Momentum distribution functions $n_{\mathbf{k},\sigma }^d,n_{\mathbf{k},\sigma }^f$ for the conducting solution discussed in Sec. 4B, for $\mid t_1^d\mid ∕\mid t_2^d\mid =5.0$, $\mid V_1\mid ∕\mid t_1^d\mid =0.5$, $t_1^d>0$, and $k_2=k_3=0$, where $k_{\tau }=\mathbf{k}{\mathbf{x}}_{\tau }$. The plot presents the behavior in the first Brillouin zone for $k_1∊[-\pi ,\pi ]$. For other $\mathbf{k}$ directions a similar behavior is found.

Figure 7

Density-density correlation function for $\mid t_1^d∕t_2^d\mid =4$, $\mid V_1∕t_1^d\mid =0.25$, $t_1^d>0$ for the itinerant case obtained from Eq. (49) in the thermodynamic limit.
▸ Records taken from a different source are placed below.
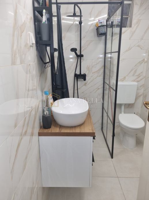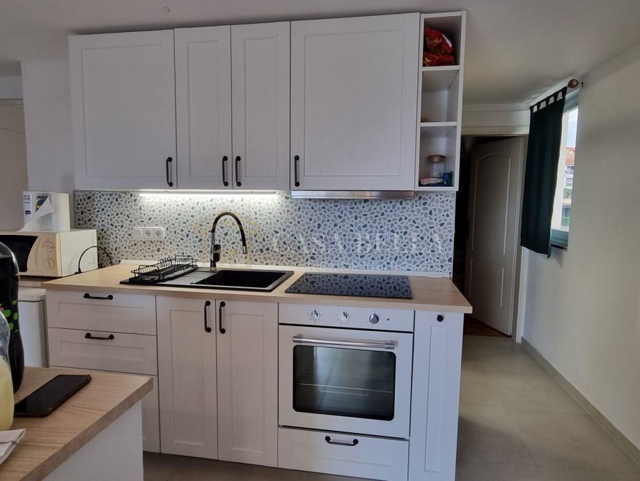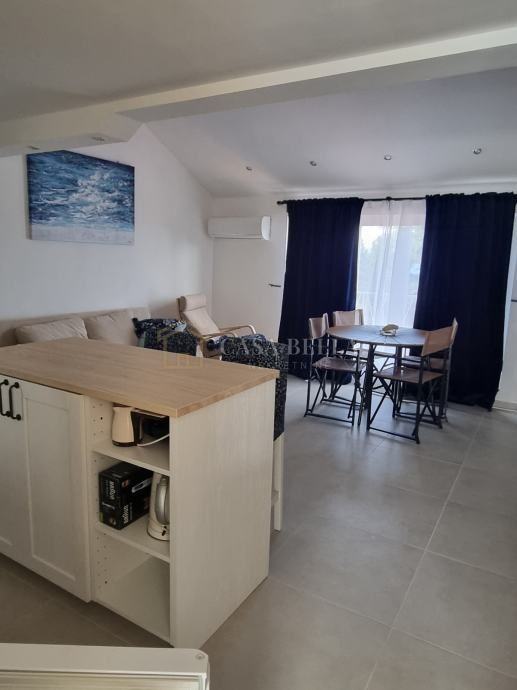 Stan površine 60 m2 sastoji se od dvije spavaće sobe, kupaonice, dnevnog boravka sa kuhinjom i blagavaonicom te francuskim balkonom. Stanu pripada i privatno parkirno mjesto. Nalazi se na 2. katu, samo 50m od mora i u blizini svih potrebnih sadržaja.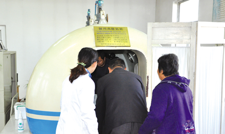 随后,记者来到市第二人民医院高压氧治疗中心,从高压氧舱外的显示屏上看到,有10名患者正在高压氧舱内做高压氧治疗。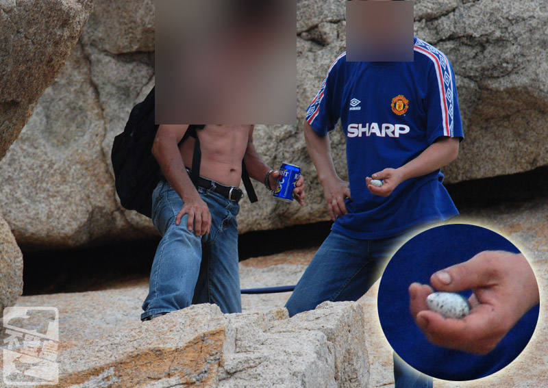 我們今年曾多次到燕鷗島 A 拍攝和做調查,5月17日、5月25日、6月9日以及7月13日都發現有釣友登島,對燕鷗造成極大干擾。6月9 日一次同時有十多人在島上活動,7月13日更有人在眾目睽睽之下拾起鳥蛋把玩,不難想像四野無人的時候會發生甚麼事!當地燕鷗數目大幅減少,除了因為最近天氣欠佳之外,人為干擾無疑是重要原因。7月13日干擾事件之後,有版友分別在7月15、16、17及18日再去觀察,燕鷗數目已銳減至9隻,之前的人為干擾明顯是元兇。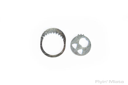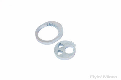 Until now! A few years ago, Paco Motorsports came up with a solution for the NA and NB - and they're now available for the NC! These locks replace the offset washer on an alignment bolt and prevent it from moving. They key into the same ridges used by the stock washer. The center section can be placed in any one of 16 positions, and you keep the same range of alignment - maximum negative camber is still maximum negative camber.
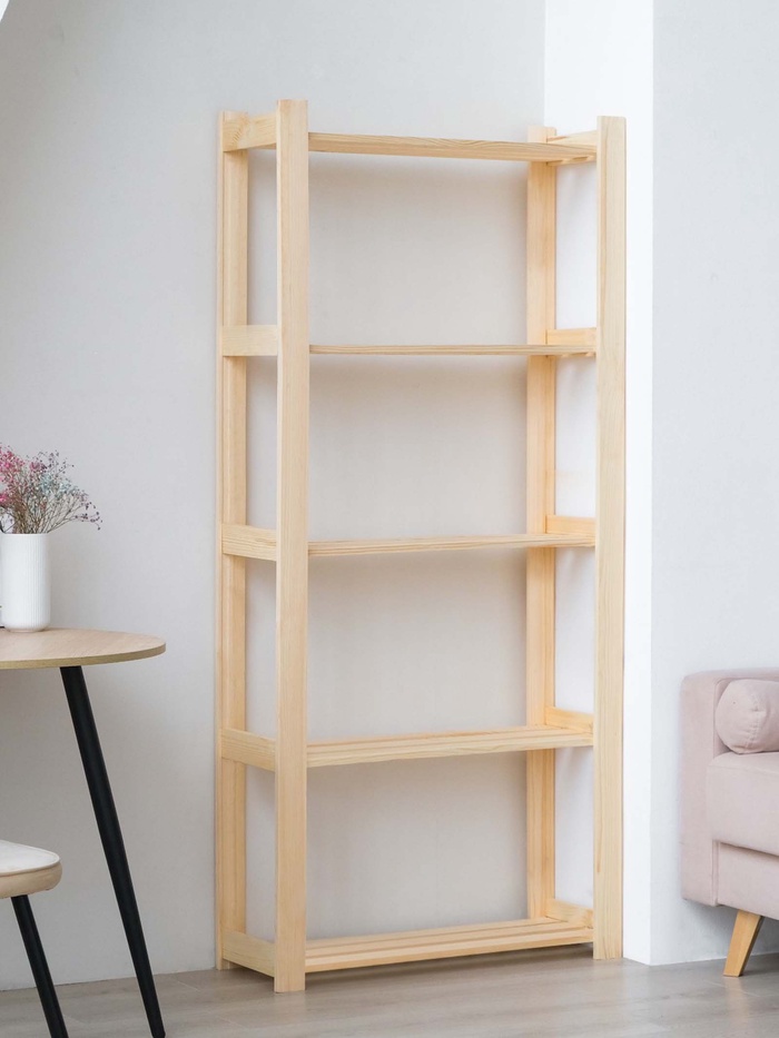 Усиленный деревянный стеллаж с пятью полками — это надёжное и стильное решение для хранения в доме или офисе. Компактные размеры делают его идеальным для небольших помещений, обеспечивая максимальное использование пространства.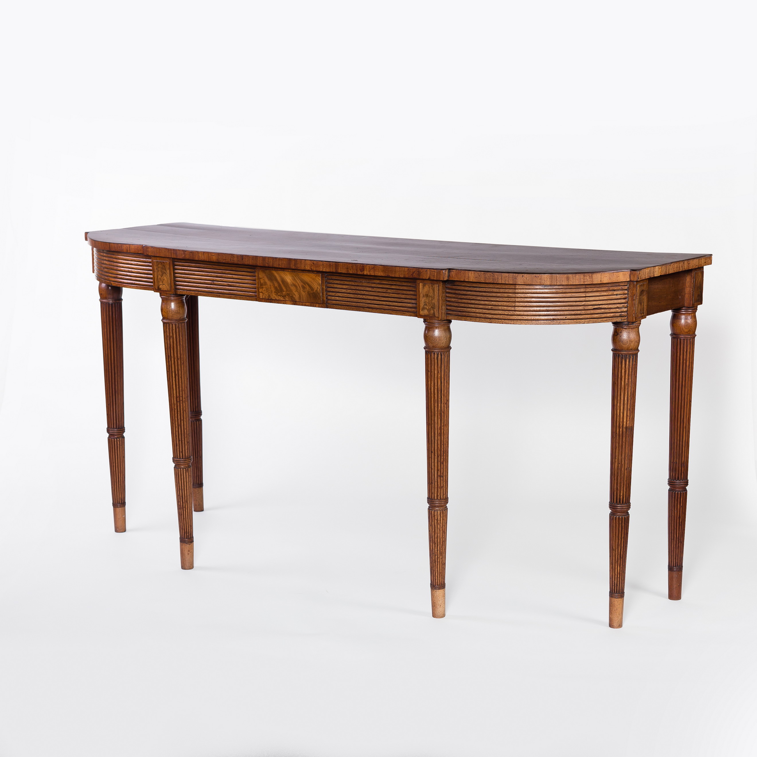 A Regency mahogany serving table, with break bowfront top on reeded and panelled frieze on turned tapering reeded legs

The nine-dimensional integration was performed by a Monte Carlo method using 69 points. The distance $\mathbf{r}$ was taken in the $\tau =1$ direction, and is expressed in units of the lattice constant $a$.

Figure 8

Octahedral cell defined at lattice site $\mathbf{i}$ as discussed in Sec. 5A. The $\tau =1,2,3$ axes are represented by arrows with broken lines, ${\mathbf{x}}_{\tau }$ are indicated by thick full line arrows, and $n$ represents the cell-independent notation of sites inside the octahedron.

Figure 9

(Color online) Surfaces in parameter space above which the conducting phase discussed in Sec. 5A. is stable. (a) $\mid V_1\mid ∕\mid t_1^d\mid <0.5$; $(U+E_f)∕\mid t_1^d\mid$ is seen to diverge as $\mid t_2^d\mid ∕\mid t_1^d\mid$ approaches zero. (b) $\mid V_1\mid ∕\mid t_1^d\mid >0.5$. In contrast to Fig. 5 where $V_1$ is imaginary, $V_1$ is real here.

Figure 10

Four neighboring unit cells in $D=3$. Each cell (e.g., $I_i$) is donoted by one of the lattice sites at which it is located (e.g., $\mathbf{i}$); see Sec. 2B1. For simplicity, orthorhombic unit cells are used.